TASK DESCRIPTION: Down to the final line, print the records below exactly and without pictures.
___ EXERCISE MATERIALS ___
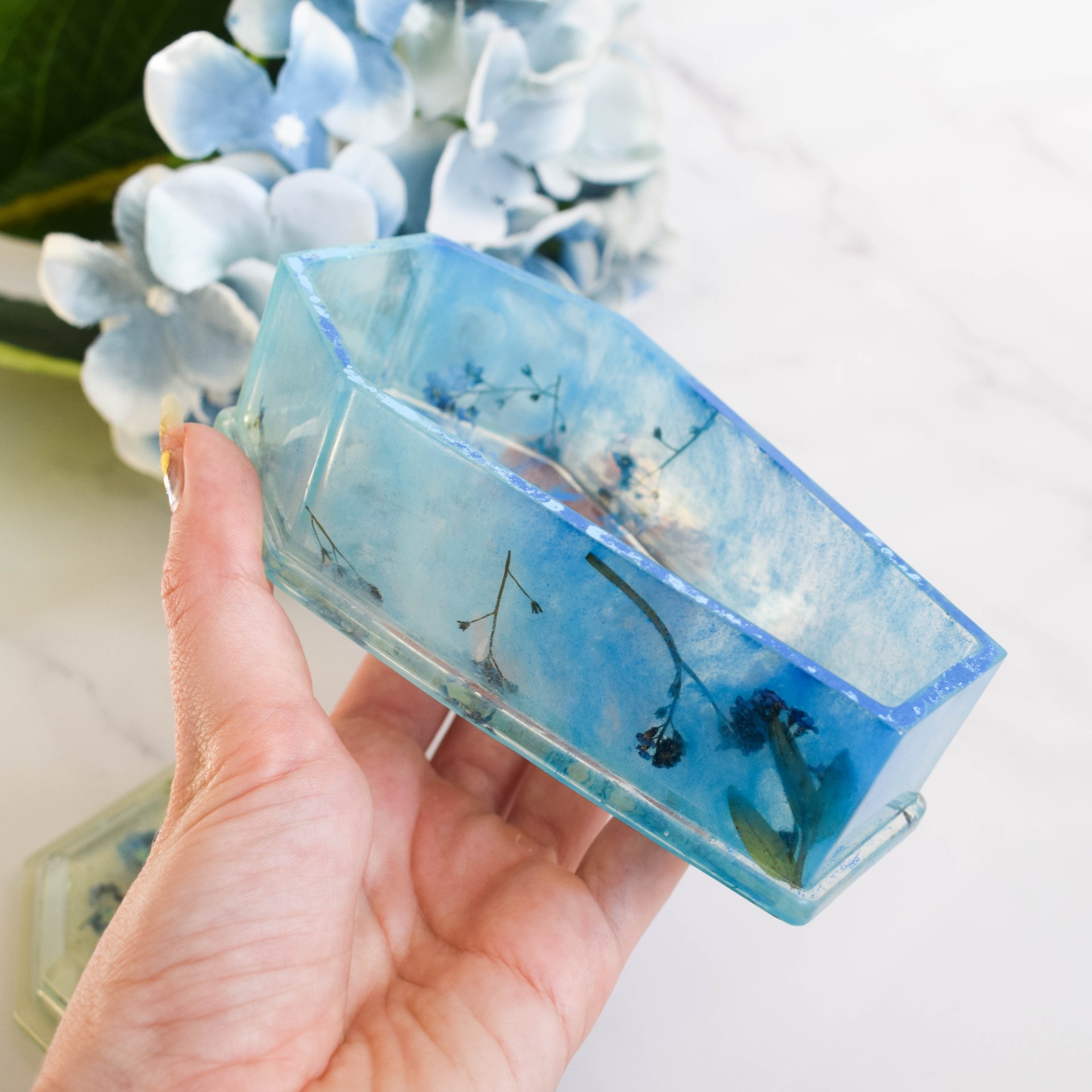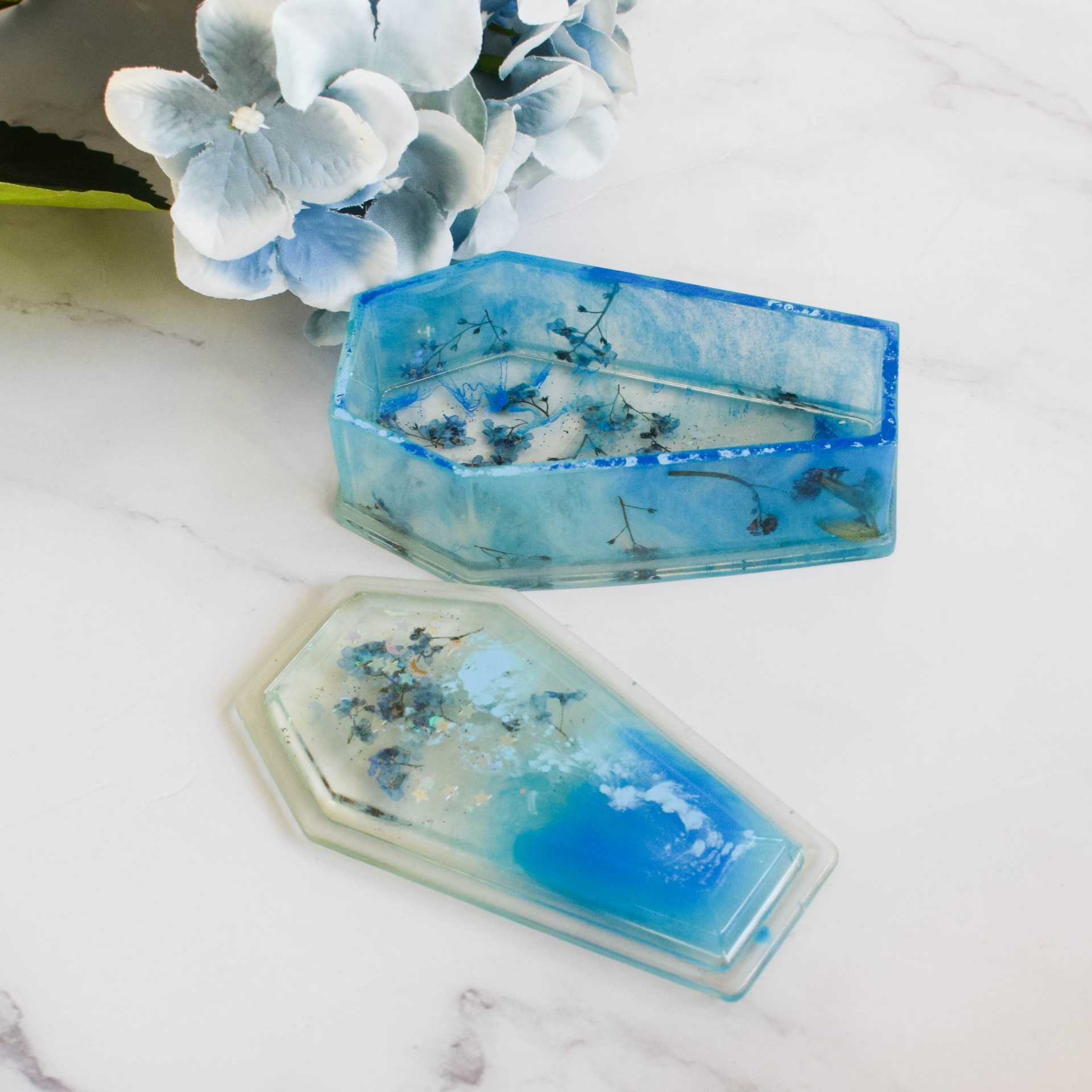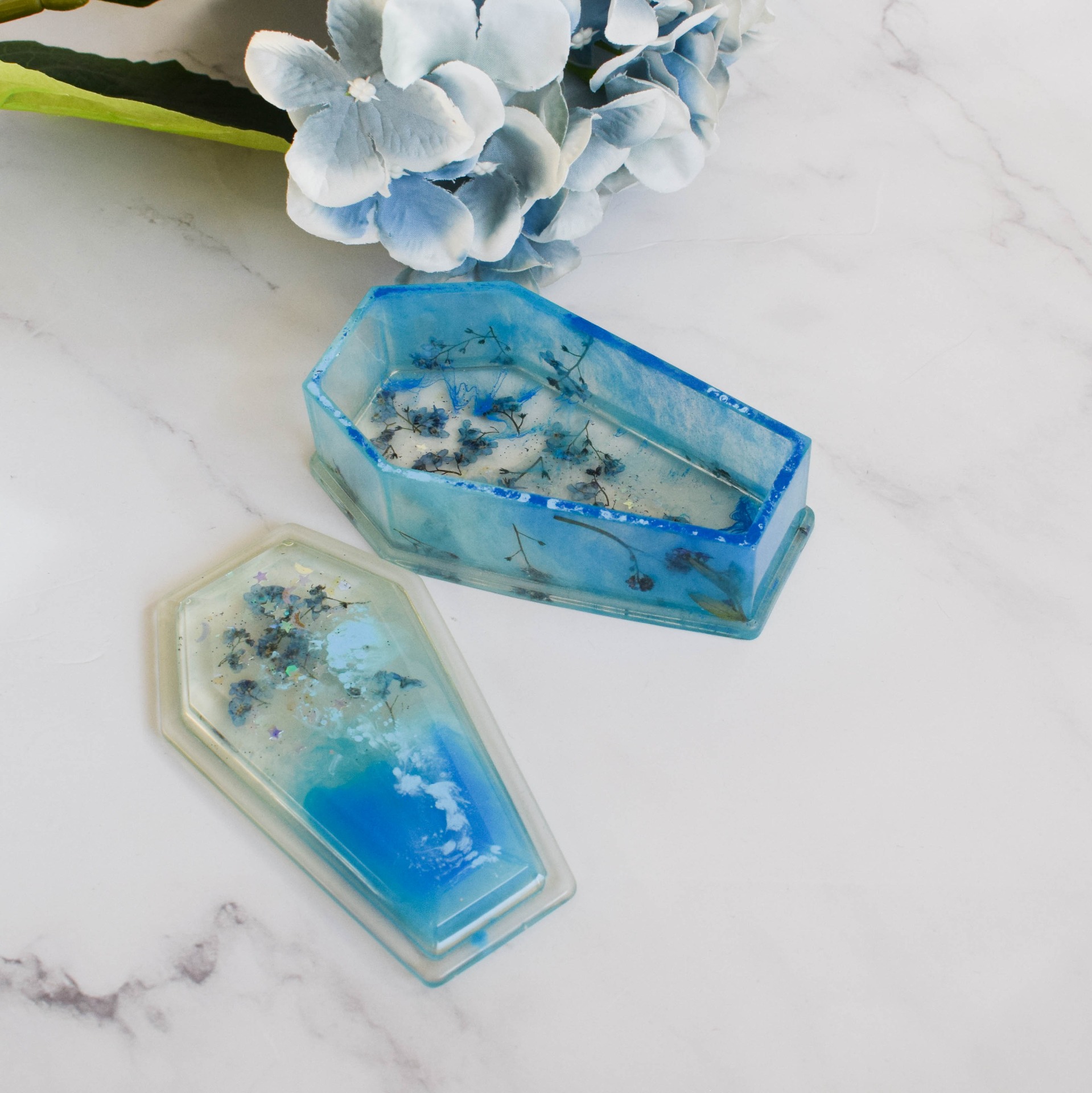 Šperkovnice ve tvaru rakvičky vyrobena z pryskyřice. V designu modré se sušenými pomněnkami a holografickými glitry ve tvaru hvězdiček a měsíčků.
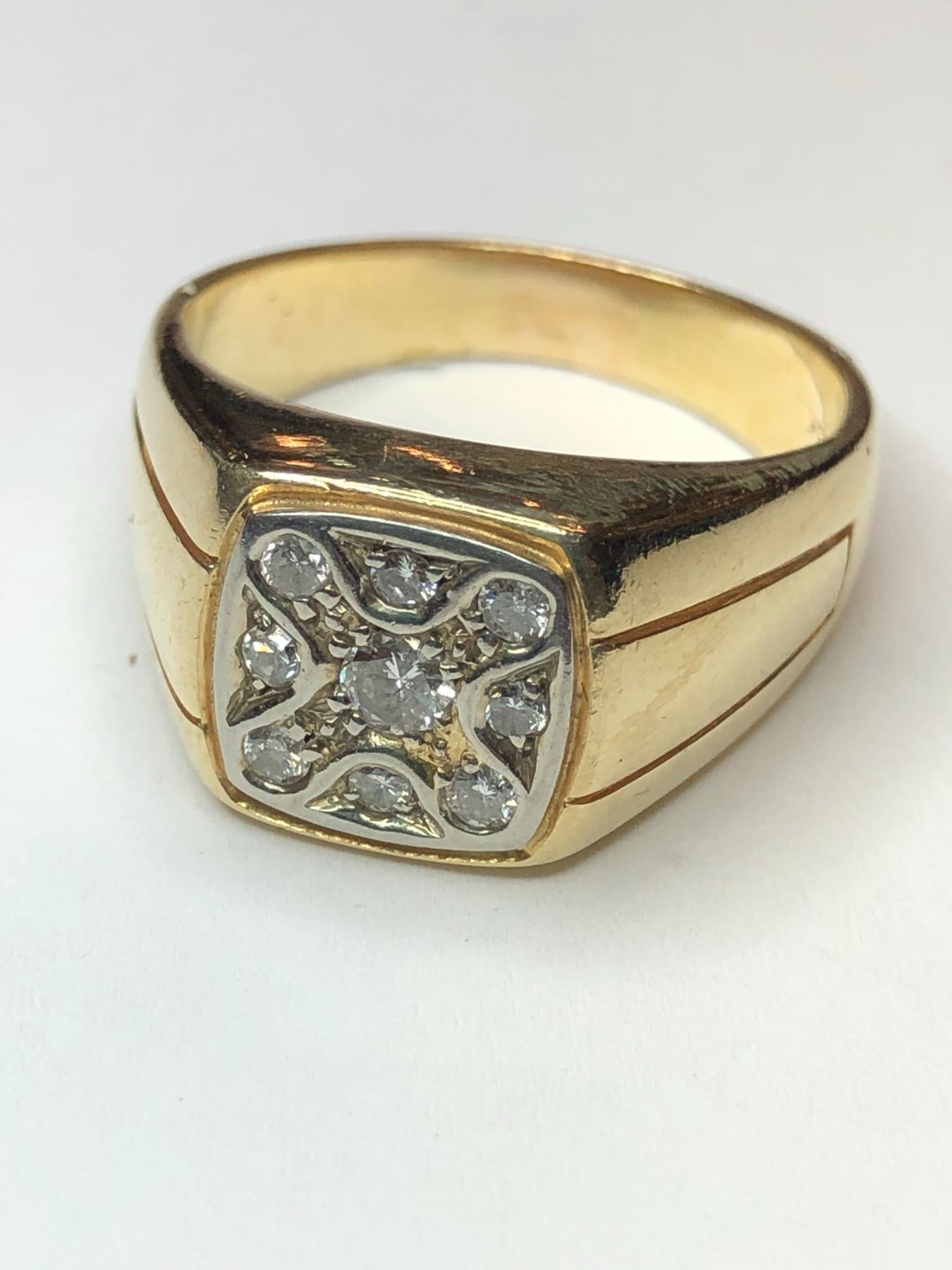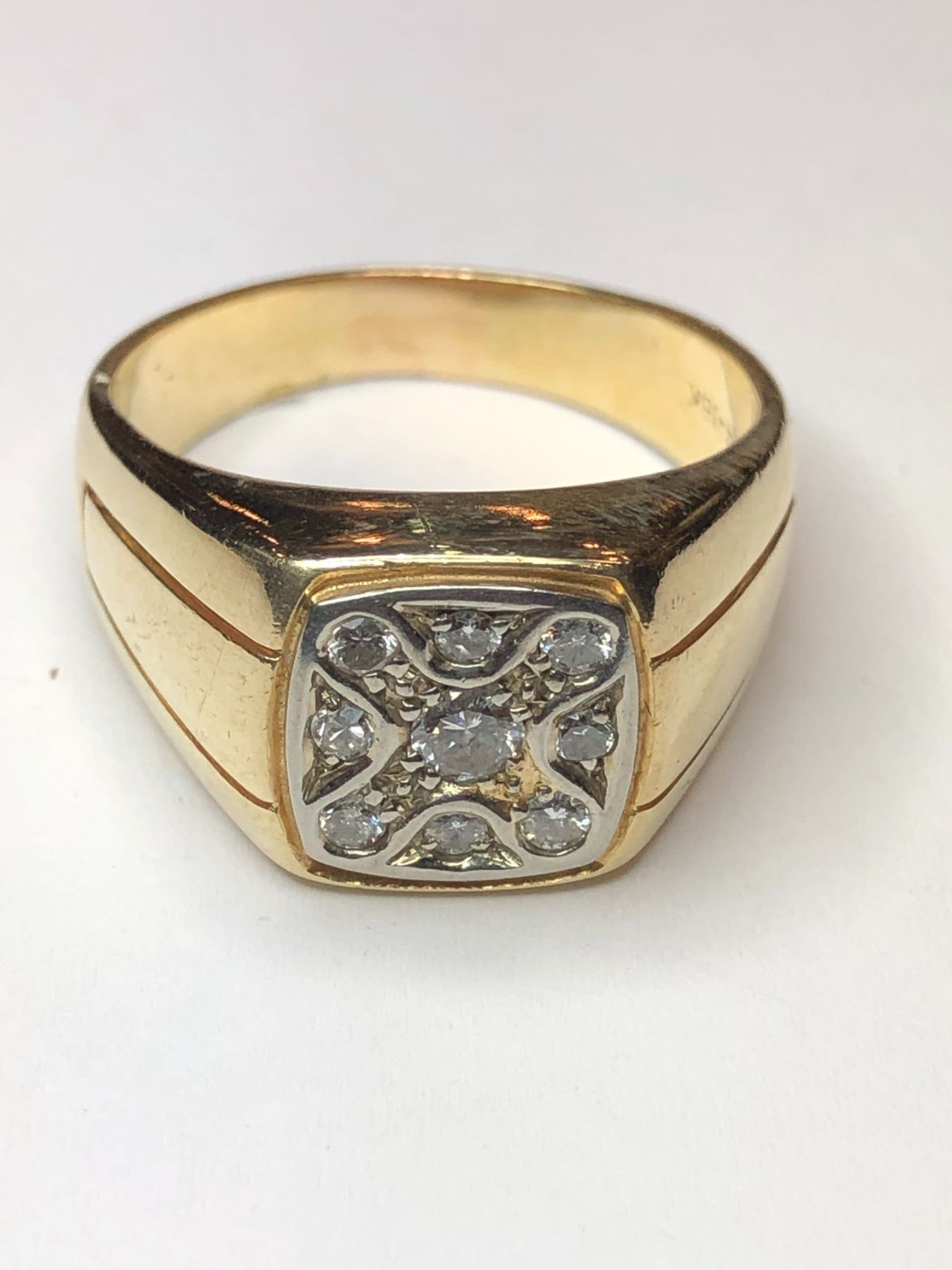 14K Men's Yellow Gold Diamond Ring Weight: 10.9g 14K Yellow Gold Stone: Diamond Melee Current Size: 10.75
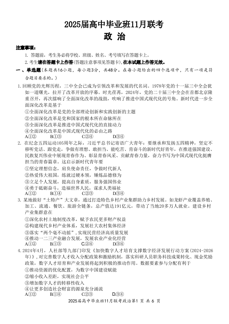 广西省新课程教研联盟2025届高三毕业班11月联考政治
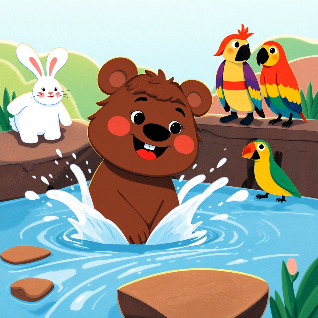 Soon, they came to a sparkling stream where a happy bear cub named Buddy was splashing and playing. Buddy had shaggy brown fur and big, round ears. 'Want to join my adventure?' asked [Bubby](H2HLBTCJ). 'Splash-tastic!' answered Buddy as he waded out of the water.
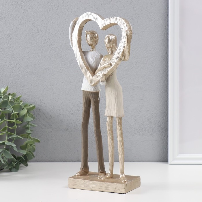 Сувенир полистоун "Влюблённые с большим золотым сердцем" 12,5х8х29,5 см
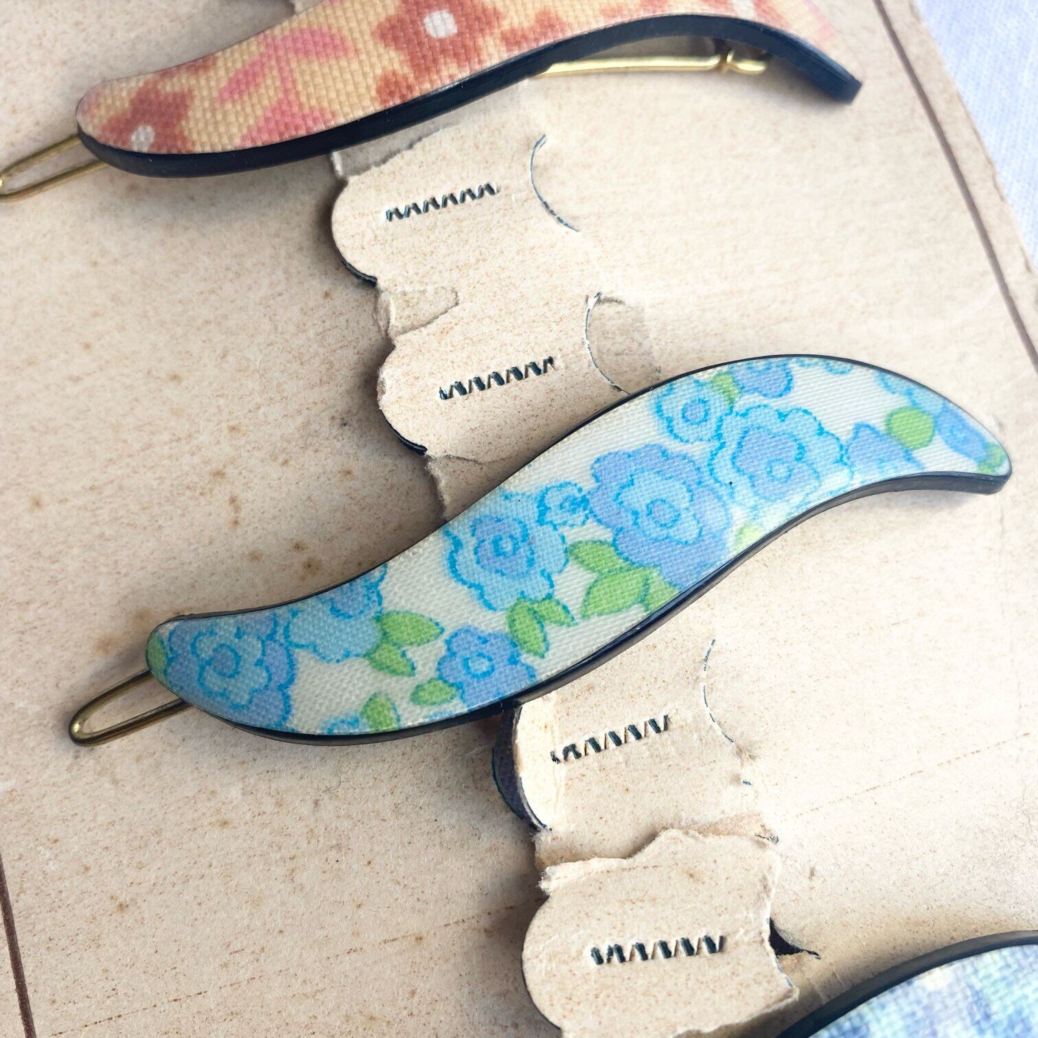French Antique 1950-60’s "Blue × Green" Flower Hair Clip -Dead Stock!-
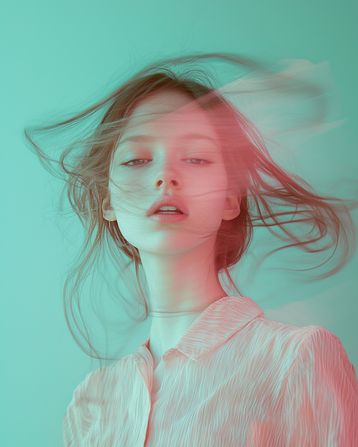Dynamic portrait of a young woman with flowing hair, a pink blouse, and a teal background, creating a dreamy, ethereal vibe.
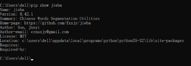 方法一:输入pip show +包名,如果安装成功则可看到第三方包的信息,如下图所示;
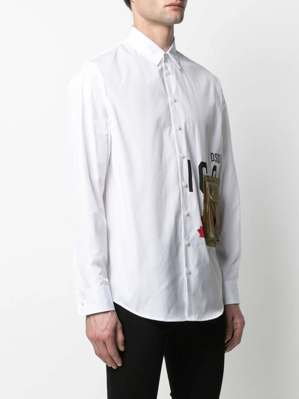 Logo imprimé sur le côté, col classique, boutonnière sur le devant, manches longues, poignets boutonnés, ourlet incurvé. Couleur : blanc. Matière : coton.
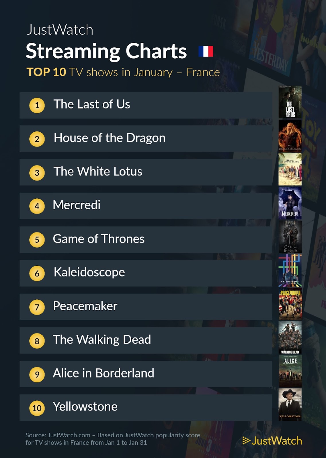 Au niveau des séries, on retrouve à la première place "The Last of Us", la série phénomène d'HBO disponible sur Prime Video, suivi de "House Of The Dragon" disponible sur OCS et enfin à la troisième place on retrouve ainsi "The White Lotus" accessible sur OCS.
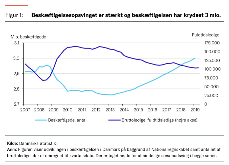 Det danske beskæftigelsesopsving har været stærkt i løbet af de senere år, og den danske lønmodtagerbeskæftigelse er steget uafbrudt i mere end 6 år. Det gør, at beskæftigelsen i Danmark for første gang nogensinde er krydset 3 millioner personer. Den kraftige jobvækst har gjort, at ledigheden også er faldet siden 2013, så antallet af ledige i dag udgør 3,8 pct. af arbejdsstyrken.
___
RESPONSE TO THIS TASK:
 Šperkovnice ve tvaru rakvičky vyrobena z pryskyřice. V designu modré se sušenými pomněnkami a holografickými glitry ve tvaru hvězdiček a měsíčků.
 14K Men's Yellow Gold Diamond Ring Weight: 10.9g 14K Yellow Gold Stone: Diamond Melee Current Size: 10.75
 广西省新课程教研联盟2025届高三毕业班11月联考政治
 Soon, they came to a sparkling stream where a happy bear cub named Buddy was splashing and playing. Buddy had shaggy brown fur and big, round ears. 'Want to join my adventure?' asked [Bubby](H2HLBTCJ). 'Splash-tastic!' answered Buddy as he waded out of the water.
 Сувенир полистоун "Влюблённые с большим золотым сердцем" 12,5х8х29,5 см
French Antique 1950-60’s "Blue × Green" Flower Hair Clip -Dead Stock!-
Dynamic portrait of a young woman with flowing hair, a pink blouse, and a teal background, creating a dreamy, ethereal vibe.
 方法一:输入pip show +包名,如果安装成功则可看到第三方包的信息,如下图所示;
 Logo imprimé sur le côté, col classique, boutonnière sur le devant, manches longues, poignets boutonnés, ourlet incurvé. Couleur : blanc. Matière : coton.
 Au niveau des séries, on retrouve à la première place "The Last of Us", la série phénomène d'HBO disponible sur Prime Video, suivi de "House Of The Dragon" disponible sur OCS et enfin à la troisième place on retrouve ainsi "The White Lotus" accessible sur OCS.
 Det danske beskæftigelsesopsving har været stærkt i løbet af de senere år, og den danske lønmodtagerbeskæftigelse er steget uafbrudt i mere end 6 år. Det gør, at beskæftigelsen i Danmark for første gang nogensinde er krydset 3 millioner personer. Den kraftige jobvækst har gjort, at ledigheden også er faldet siden 2013, så antallet af ledige i dag udgør 3,8 pct. af arbejdsstyrken.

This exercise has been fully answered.